Cada segundo se sentía interminable.

Al menor sonido en la puerta de la sala de partos, Zane Rhodes quería correr hacia allí, solo para decepcionarse una y otra vez, atrapado en un ciclo de espera.

Este tipo de tormento es probablemente algo que cada padre ha experimentado.

—Familia de Erin Bishop, familia de Erin Bishop, ¿están presentes?

—¡Estoy aquí!

Una enfermera sonrió y le dijo a Zane Rhodes:

—La madre tuvo un parto natural de una pequeña princesa, que pesa seis libras y tres onzas. La bebé está ahora amamantando, así que pueden esperar abajo en la habitación 508.

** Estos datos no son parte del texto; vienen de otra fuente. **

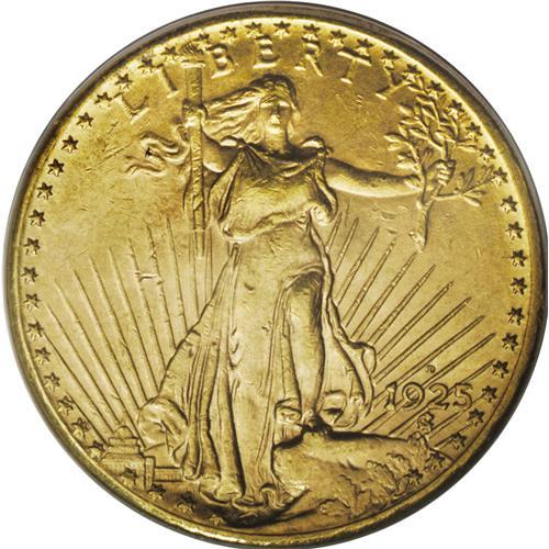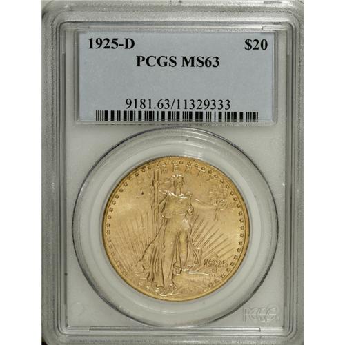 <B>1925-D $20 MS63 PCGS.</B></I> Nearly 3 million examples of this date were originally struck, and nearly 3 million were later melted, probably in the mid to late 1930s. Jeff Garrett and Ron Guth wrote in their <I>Encyclopedia of U.S. Gold Coins:</B></I> "Like the 1924-D and 1924-S issues, the vast quantity of these coins ended up in the melting pot during the late 1930s, and the seemingly large mintage was virtually eliminated." The exact number that still exist today is not known, but the quantity is certainly under 1,000 coins, and might be less than 500. This brilliant Mint State example is a satiny piece with lustrous yellow-gold surfaces and faint traces of light pink toning. Only a few trivial surface marks are evident, and the strike is above average.<BR><BR><b>Shipping:</b> Coins & Currency (<a target="_blank" href="http://www.heritageauctions.com/common/shipping.php">view shipping information</a>)

Zane Rhodes estaba tan emocionado que no sabía qué decir. Después de que la enfermera se fue, continuó parado en la puerta de la sala de partos, mirando a través de la pequeña ventana de la puerta, pero no podía ver nada.

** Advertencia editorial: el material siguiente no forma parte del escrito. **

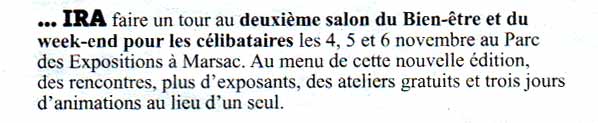 La revue BIO CONTACT ( Octobre 2011 - tirage 259 000 exemplaires ) diffuse l'info dans son agenda.
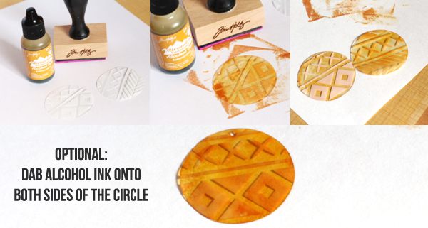 Optional: Dab or swipe alcohol ink onto the circle. As you can see in the top right image, I tried different techniques. I inked just one side and then just the other side. I decided I liked the look of inking both sides – it gave the most vibrant color.

Shannon Quinn, con este asunto en mente, incluso se preocupó por ello en sus sueños.

Normalmente, ella dormiría hasta las nueve o diez de la mañana, pero hoy se despertó poco después de las seis.

Viendo que Landon Sutton todavía estaba profundamente dormido a su lado, no sabía a qué hora se había acostado anoche, así que no lo molestó.

Movió suavemente la mano de él, se dio la vuelta para tomar su teléfono de la mesita de noche, con la intención de enviar un mensaje para informarse sobre la situación en el hospital.

Vio que en el grupo de chat de las chicas, enviado a las cuatro de la mañana, Erin Bishop había compartido una foto de la bebé, asegurándoles que todo estaba bien.

Este amor casi perdido ahora parecía haber encontrado su perfecta conclusión.

La primavera temprana ahuyentó el frío del invierno, llevándose la nieve de los tejados.

Sheila Yardley se sentó en su estudio, contemplando la primavera desde afuera. Con un lápiz de colores en la mano, el tablero de dibujo frente a ella permanecía en blanco.

Isaac Sheffield había hablado de matrimonio con ella anoche, pero ella dudaba.

Comenzó a sentir que Isaac Sheffield era algo diferente a cuando se conocieron por primera vez.

También comenzó a encontrar difícil aceptar algunos de sus defectos.

Inicialmente, ella pensaba que su descuido era simplemente una falta de consideración, su incapacidad para percibir los detalles más finos.

Pero gradualmente, se dio cuenta de que su descuido surgía con frecuencia, y con el tiempo se convirtió en un defecto que no podía tolerar del todo.

Sentía que él siempre hablaba más de lo que actuaba, manteniendo sus promesas hacia ella en mente, pero al día siguiente, las olvidaba.

En la vida, era bastante machista, incluso sugiriéndole que dejara su trabajo para cuidar de él en casa.

Le hacía maravillosas promesas, descartando su pasado, jurando darle un futuro perfecto, amarla de por vida y ser bueno con ella para siempre, incluso empezando a pensar en el nombre de su hijo.

Pero eran solo palabras bonitas.

No le había cocinado ni una sola comida, ni tampoco solía cumplir con cuidarla en la vida diaria. Poco a poco, dejó de ser tan proactivo en enviarle mensajes para demostrar que se preocupaba.

Estos asuntos aparentemente triviales para Isaac Sheffield comenzaron a sacudir el corazón de la sensible Sheila Yardley.